The United States has imposed sanctions against Sudan for supporting terrorism, banning U.S. companies from doing business in the country. U.S. officials have said a peace agreement would be a good first step toward getting those sanctions dropped, but that they would remain in place for the foreseeable future as long as suspected Palestinian terrorists live freely in Khartoum.

Analysts and the chief mediator, Lazaro Sumbeiywo cautioned that the outstanding issues remain complex.

“The more they finish one issue, the more complicated it becomes because there are fewer options,” Sumbeiywo told The Associated Press. Past peace agreements between political leaders from north and south Sudan in the last 50 years have held for only a few years before fighting began again.

Under the wealth-sharing deal, the warring parties agreed to split net oil revenue from southern Sudan 50-50 during a six year transition period. Most of Sudan’s oil reserves are in the south.

A petroleum commission, with representatives from the north and the south, as well as from the oil producing states will be set up to manage the oil sector.

The agreement also confirmed that all current oil contracts will be respected. A consortium of The China National Petroleum Company, Malayasia’s Petronas and Sudan’s Sudapet control the vast majority of the oil leases and exploration options.

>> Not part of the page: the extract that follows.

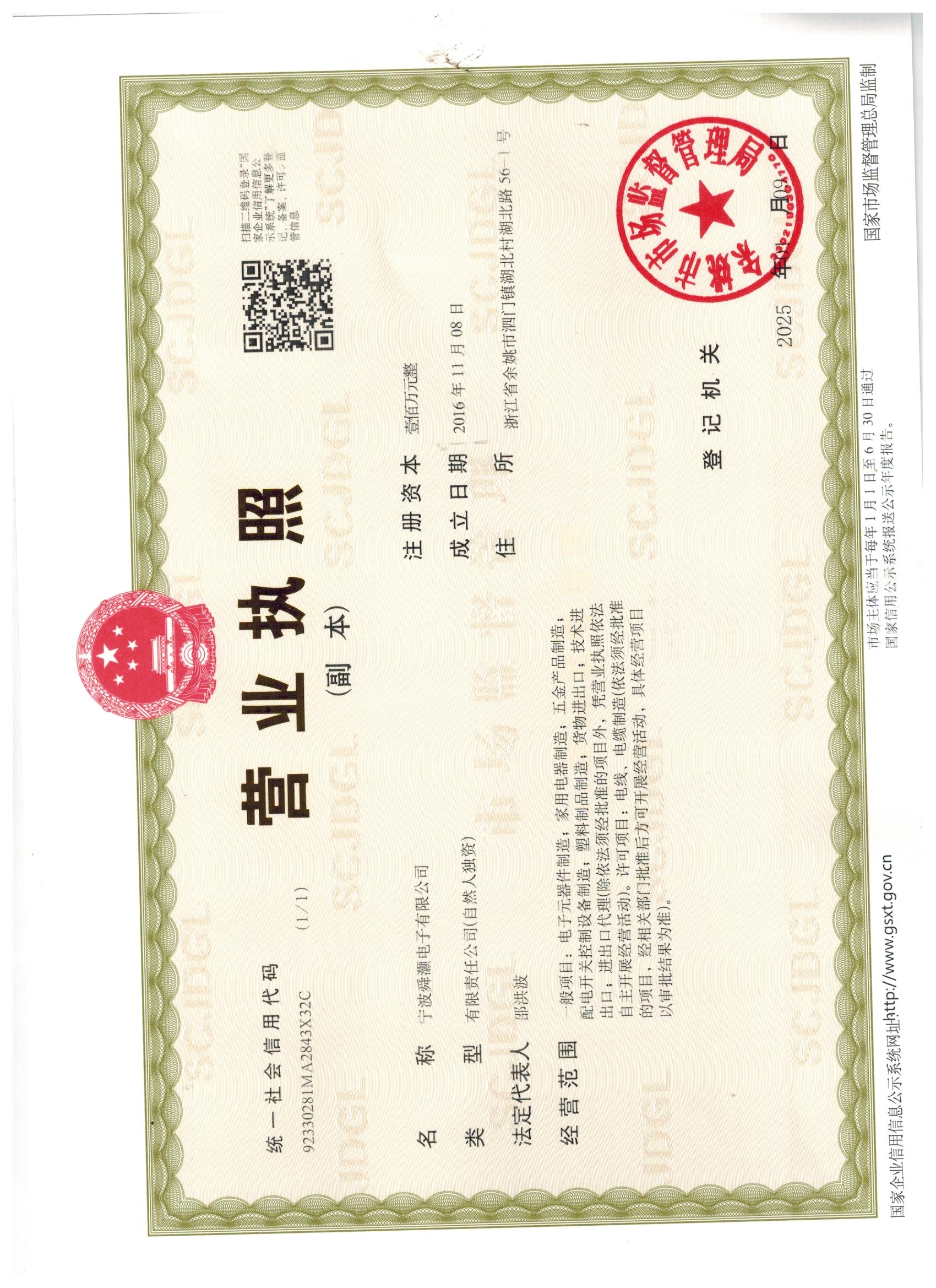 舜灏电子营业执照

Chevron mapped out the oil fields during a brief period of peace in Sudan during the late 1970s and early 1980s, but no U.S. oil company has expressed interest in Sudan’s oil in recent years and current sanctions bar U.S. companies from returning to Sudan.

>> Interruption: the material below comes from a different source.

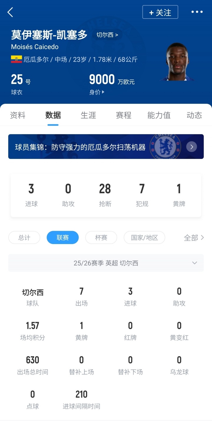 10月15日讯 德转将于17日更新英超球员身价,今天他们预热了切尔西中场凯塞多的身价变动。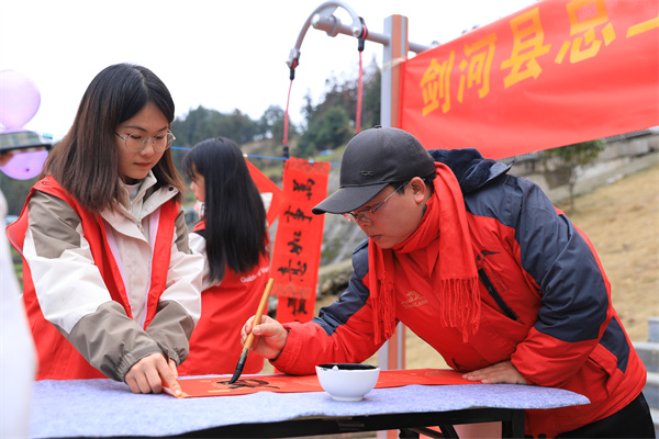 “年年都來社區送春聯,老百姓非常歡迎,看著大家拿我們寫的春聯到家裏面貼,我們也感到很滿足!”劍河縣文聯書法家協會副主席周黔説。

When Sudan began pumping oil in 1999, the rebels and international human rights groups accused the government of forcing tens of thousands of southern villagers to flee the oil region and the insurgents targeted oil facilities.

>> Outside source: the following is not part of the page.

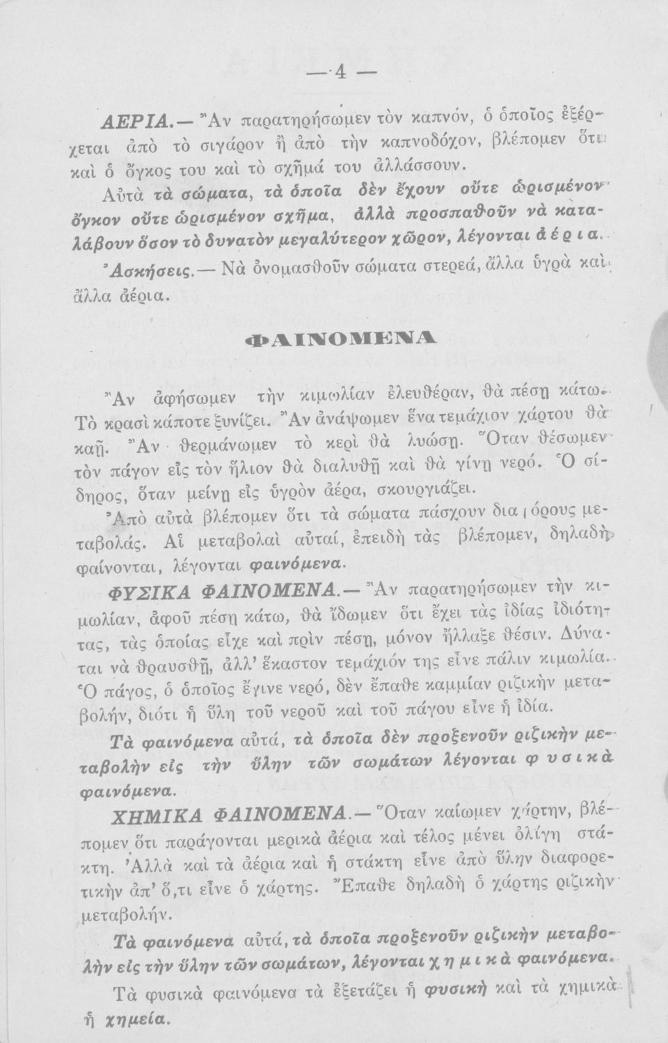 Το σύγγραμμα ήταν μαθητικό βοήθημα για το μάθημα της Φυσικής στο Δημοτικό . Παρέχει βασικές γνώσεις της φυσικής επιστήμης και της χημείας. Αναλύει τις ιδιότητες των σωμάτων, καθώς και της οπτικής, ακουστικής, ...

Despite the oil wealth, the majority of southerners live in simple mud huts and lack access to water and electricity and the region is regularly beset by outbreaks of disease and food shortages.

The agreement also sets up a monetary system which will allows for Islamic banking in the north and Western banking in the south, and to introduce a new currency.

Currently, all Sudan’s major banks are run under Islamic law, which forbids most forms of interest.

The latest war erupted in 1983 when southern rebels from the mainly animist and Christian south took up arms against the predominantly Arab and Muslim north, marking the collapse of a 1972 peace deal that had ended an earlier southern rebellion.

The rebels say they are fighting for greater equality and for southerners to have the right to choose whether to remain part of Sudan.

The parties also agreed that non-oil revenue from the south will be split 50-50, while all northern revenue will be distributed to northern states and the national government.

In July 2002, shortly after the peace process began, the parties agreed to a six-year transition period during which the south will have a regional administration. Southerners will vote in a referendum after the transition to decide whether the south should secede.

The focus of the talks will now shift to the three disputed areas, the Nuba Mountains, southern Blue Nile and oil-rich Abyei.